▶ [PROVIDED MATERIAL]
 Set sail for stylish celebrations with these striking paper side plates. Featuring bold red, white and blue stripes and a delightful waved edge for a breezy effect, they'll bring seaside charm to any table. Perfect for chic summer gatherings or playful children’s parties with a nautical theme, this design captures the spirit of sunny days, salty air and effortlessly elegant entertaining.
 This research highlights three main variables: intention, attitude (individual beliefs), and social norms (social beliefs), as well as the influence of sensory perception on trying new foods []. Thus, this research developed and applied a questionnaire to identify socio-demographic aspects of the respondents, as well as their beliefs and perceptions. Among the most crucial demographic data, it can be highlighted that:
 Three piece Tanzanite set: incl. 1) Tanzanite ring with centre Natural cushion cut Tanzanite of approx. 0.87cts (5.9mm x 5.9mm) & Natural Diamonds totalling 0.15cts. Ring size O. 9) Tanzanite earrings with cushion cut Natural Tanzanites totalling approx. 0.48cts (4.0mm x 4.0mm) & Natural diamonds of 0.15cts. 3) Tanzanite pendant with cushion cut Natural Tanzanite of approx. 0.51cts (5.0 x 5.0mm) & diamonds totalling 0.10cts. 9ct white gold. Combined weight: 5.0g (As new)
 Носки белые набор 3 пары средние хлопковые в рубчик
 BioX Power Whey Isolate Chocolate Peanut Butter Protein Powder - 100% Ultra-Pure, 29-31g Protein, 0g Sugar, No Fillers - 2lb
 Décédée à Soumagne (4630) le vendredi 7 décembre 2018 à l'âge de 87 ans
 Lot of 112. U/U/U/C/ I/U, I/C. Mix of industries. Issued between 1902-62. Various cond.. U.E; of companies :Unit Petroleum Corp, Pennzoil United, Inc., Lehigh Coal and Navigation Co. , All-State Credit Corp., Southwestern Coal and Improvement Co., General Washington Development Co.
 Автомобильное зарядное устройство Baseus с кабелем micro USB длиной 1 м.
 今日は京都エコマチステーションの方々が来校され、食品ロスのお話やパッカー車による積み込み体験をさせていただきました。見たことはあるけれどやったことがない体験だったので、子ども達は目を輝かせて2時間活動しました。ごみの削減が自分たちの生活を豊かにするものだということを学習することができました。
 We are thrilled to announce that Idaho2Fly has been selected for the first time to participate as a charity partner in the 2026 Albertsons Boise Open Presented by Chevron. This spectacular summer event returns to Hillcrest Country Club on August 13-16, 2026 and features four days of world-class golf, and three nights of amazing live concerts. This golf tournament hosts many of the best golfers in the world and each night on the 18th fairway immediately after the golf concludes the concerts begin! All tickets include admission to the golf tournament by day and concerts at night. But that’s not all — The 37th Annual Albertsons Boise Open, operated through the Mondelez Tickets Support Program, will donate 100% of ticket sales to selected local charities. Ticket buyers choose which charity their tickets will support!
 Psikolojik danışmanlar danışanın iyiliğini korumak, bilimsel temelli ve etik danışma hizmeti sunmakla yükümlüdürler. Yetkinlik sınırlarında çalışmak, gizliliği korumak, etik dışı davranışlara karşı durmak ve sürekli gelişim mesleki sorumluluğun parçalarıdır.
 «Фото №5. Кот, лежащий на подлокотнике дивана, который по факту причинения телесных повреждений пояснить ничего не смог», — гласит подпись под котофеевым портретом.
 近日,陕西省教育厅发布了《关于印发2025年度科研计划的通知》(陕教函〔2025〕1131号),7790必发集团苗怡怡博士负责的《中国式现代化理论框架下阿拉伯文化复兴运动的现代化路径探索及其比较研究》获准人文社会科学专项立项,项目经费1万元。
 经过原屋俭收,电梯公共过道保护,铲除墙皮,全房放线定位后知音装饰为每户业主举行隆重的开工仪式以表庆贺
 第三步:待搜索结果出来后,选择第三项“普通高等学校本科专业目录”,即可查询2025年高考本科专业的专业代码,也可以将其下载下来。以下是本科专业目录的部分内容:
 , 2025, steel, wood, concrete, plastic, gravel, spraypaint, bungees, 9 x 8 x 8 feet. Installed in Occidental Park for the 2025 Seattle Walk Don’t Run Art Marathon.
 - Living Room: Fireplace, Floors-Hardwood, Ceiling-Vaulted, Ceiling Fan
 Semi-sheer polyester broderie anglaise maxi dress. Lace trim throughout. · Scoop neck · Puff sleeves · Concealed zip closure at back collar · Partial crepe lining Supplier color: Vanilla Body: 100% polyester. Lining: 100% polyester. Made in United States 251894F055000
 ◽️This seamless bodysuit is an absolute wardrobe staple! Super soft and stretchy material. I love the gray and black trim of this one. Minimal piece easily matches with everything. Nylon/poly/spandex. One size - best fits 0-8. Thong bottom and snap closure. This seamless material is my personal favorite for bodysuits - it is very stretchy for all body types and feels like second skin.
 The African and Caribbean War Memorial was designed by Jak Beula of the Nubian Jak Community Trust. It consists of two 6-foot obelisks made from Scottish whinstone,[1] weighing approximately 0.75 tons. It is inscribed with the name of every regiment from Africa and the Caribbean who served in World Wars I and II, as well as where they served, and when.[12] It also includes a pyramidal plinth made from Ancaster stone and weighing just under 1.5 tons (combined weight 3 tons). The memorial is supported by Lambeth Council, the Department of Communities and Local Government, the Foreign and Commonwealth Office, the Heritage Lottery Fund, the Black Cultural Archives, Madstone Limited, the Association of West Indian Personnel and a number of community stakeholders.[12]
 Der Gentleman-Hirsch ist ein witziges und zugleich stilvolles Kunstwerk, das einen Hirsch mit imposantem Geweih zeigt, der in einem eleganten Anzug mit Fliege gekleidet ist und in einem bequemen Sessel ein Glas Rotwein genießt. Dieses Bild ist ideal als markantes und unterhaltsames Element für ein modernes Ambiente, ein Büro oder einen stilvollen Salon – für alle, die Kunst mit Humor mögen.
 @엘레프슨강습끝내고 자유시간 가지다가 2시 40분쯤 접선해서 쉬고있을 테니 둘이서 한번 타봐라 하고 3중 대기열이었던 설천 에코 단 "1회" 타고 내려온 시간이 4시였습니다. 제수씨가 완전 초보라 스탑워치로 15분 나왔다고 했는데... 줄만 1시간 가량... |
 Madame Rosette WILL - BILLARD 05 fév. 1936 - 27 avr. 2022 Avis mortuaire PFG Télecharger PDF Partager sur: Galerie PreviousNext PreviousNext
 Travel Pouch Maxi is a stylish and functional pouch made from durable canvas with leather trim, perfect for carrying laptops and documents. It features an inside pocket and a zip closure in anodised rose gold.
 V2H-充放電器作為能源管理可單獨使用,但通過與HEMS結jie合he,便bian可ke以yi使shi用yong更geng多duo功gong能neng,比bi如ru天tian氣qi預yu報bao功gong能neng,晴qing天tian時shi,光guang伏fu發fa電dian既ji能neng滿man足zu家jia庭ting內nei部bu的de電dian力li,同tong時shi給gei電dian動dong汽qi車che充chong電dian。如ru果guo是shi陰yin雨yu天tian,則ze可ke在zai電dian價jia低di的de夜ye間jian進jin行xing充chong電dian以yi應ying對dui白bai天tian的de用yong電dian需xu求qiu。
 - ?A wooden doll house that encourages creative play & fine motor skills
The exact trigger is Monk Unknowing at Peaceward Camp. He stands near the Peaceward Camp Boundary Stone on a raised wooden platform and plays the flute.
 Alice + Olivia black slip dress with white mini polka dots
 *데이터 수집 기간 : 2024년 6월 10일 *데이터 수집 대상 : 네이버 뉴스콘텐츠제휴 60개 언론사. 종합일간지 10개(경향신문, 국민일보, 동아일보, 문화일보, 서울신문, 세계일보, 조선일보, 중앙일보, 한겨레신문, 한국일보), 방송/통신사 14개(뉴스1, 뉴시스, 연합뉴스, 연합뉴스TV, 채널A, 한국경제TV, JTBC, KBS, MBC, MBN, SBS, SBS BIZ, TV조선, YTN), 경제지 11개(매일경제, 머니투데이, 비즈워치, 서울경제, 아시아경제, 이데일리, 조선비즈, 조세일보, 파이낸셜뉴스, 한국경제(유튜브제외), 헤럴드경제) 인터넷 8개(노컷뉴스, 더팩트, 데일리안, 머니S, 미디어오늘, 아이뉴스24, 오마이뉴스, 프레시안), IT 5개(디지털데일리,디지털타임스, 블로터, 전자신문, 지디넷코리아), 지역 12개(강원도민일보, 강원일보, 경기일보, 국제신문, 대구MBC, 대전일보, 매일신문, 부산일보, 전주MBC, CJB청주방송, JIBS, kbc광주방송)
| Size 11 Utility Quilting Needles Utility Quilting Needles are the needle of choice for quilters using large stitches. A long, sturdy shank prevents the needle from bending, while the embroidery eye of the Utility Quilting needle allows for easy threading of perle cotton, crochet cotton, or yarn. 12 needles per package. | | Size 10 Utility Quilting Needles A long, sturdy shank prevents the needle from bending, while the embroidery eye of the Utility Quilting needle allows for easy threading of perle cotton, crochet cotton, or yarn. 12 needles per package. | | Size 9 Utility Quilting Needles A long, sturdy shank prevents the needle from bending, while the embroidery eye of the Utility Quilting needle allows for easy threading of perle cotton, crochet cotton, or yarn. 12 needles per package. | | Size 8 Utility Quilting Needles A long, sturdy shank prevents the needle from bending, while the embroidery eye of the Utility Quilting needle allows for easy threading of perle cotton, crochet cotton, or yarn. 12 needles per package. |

▶ [AIM OF THE EXERCISE]
All lines above from the one holding "Travel Pouch Maxi" to the one holding "Alice + Olivia", inclusive, are to be copied exactly; no other line is wanted.

▶ [EXPECTED ANSWER]
 Travel Pouch Maxi is a stylish and functional pouch made from durable canvas with leather trim, perfect for carrying laptops and documents. It features an inside pocket and a zip closure in anodised rose gold.
 V2H-充放電器作為能源管理可單獨使用,但通過與HEMS結jie合he,便bian可ke以yi使shi用yong更geng多duo功gong能neng,比bi如ru天tian氣qi預yu報bao功gong能neng,晴qing天tian時shi,光guang伏fu發fa電dian既ji能neng滿man足zu家jia庭ting內nei部bu的de電dian力li,同tong時shi給gei電dian動dong汽qi車che充chong電dian。如ru果guo是shi陰yin雨yu天tian,則ze可ke在zai電dian價jia低di的de夜ye間jian進jin行xing充chong電dian以yi應ying對dui白bai天tian的de用yong電dian需xu求qiu。
 - ?A wooden doll house that encourages creative play & fine motor skills
The exact trigger is Monk Unknowing at Peaceward Camp. He stands near the Peaceward Camp Boundary Stone on a raised wooden platform and plays the flute.
 Alice + Olivia black slip dress with white mini polka dots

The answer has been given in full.